Получается обратный результат принцип «не навреди» является помехой в свободном творчестве, предполагающем:

-        укрепление воли,

-        привычку определённости желания,

-        принятие сознательного решения,

-        и, как следствие, применение соответственных действий. 

Лукавство этого принципа ещё и в том, что с его помощью распространяется убеждённость: будто все изначально – художники, якобы, это очевидно, – стоит только выдать кисти желающим. Удивительно, но подобные по сути уверения в том, что каждая кухарка может управлять государством, вызывают, по меньшей мере, улыбку, а вот то, что каждый ребёнок изначально художник, и не надо никакого педагогического контроля, чтобы выявить его способности к обучению – такие уверения почему-то воспринимаются вполне серьёзно.

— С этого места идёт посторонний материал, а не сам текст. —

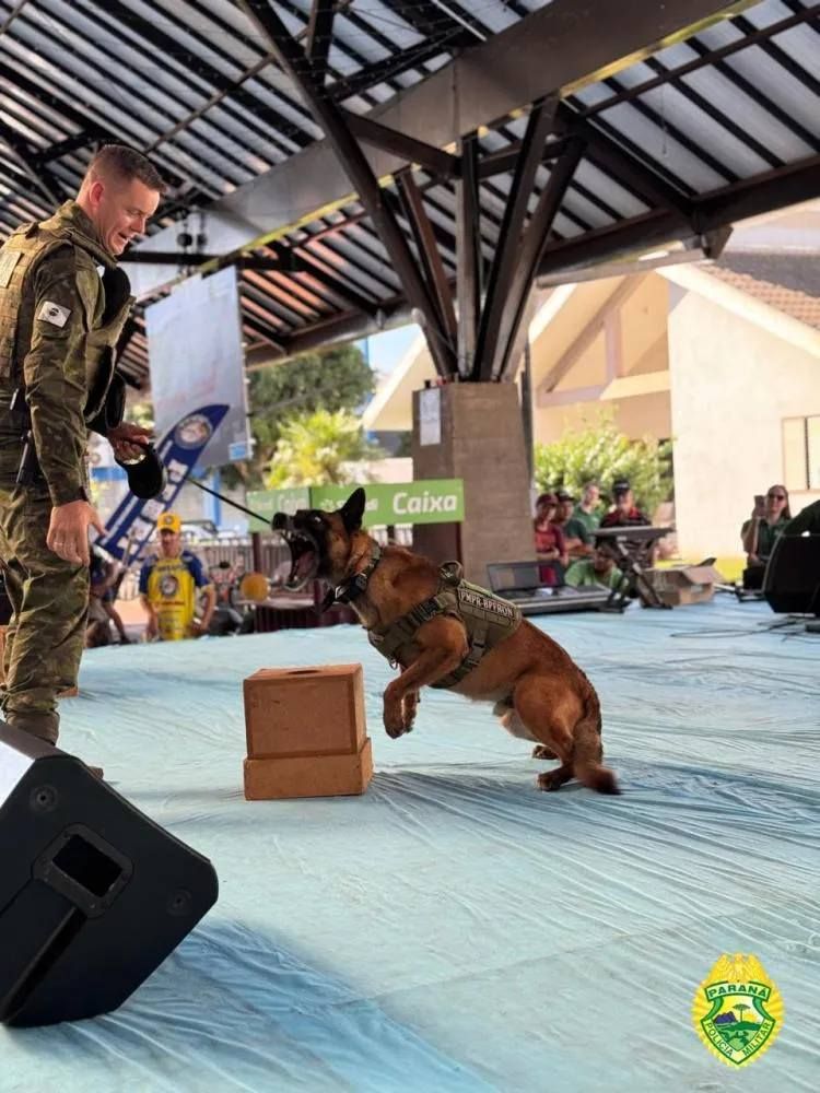 Um dos destaques foi uma demonstração do cão Ollie, que realizou buscas simuladas por entorpecentes, exibindo sua capacidade de identificação de odores ilícitos. Ao localizar o material indicado, o animal recebe uma recompensa, procedimento utilizado como reforço de treinamento e incentivo de desempenho — técnica aplicada no emprego de cães em ações policiais.

В то же время, мнимое невмешательство в становление творческой личности включает в себя активное давление на учащихся. Его цель – переключение внимания учащихся на внутренние переживания, с тем, что будто бы субъективное должно иметь предпочтение перед объективным познанием в рамках изобразительного искусства. В данной ситуации выводится на периферию внимания важный вопрос поисков «возможностей и способов освоения окружающего мира», искусственно снимаются проблемы «ориентации человека в стандартизированной и интернационализированной стихии массовой культуры» (М.И. Козьякова. Маргинальность в эстетике повседневности. В кн.: Маргинальное искусство. Изд. Московский университет, 1999. С.73.). Таким образом понижается активизация личностного начала в жизнедеятельности социума.

Сторонниками этих идей распространяется мнение, что подобные направления в изобразительном искусстве и в методах его изучения регламентируются в  соответствии с современными достижениями науки и техники. И всё меньшее число специалистов приводит в смущение обстоятельства нарастающего удаления при этом от вопросов собственно изобразительности.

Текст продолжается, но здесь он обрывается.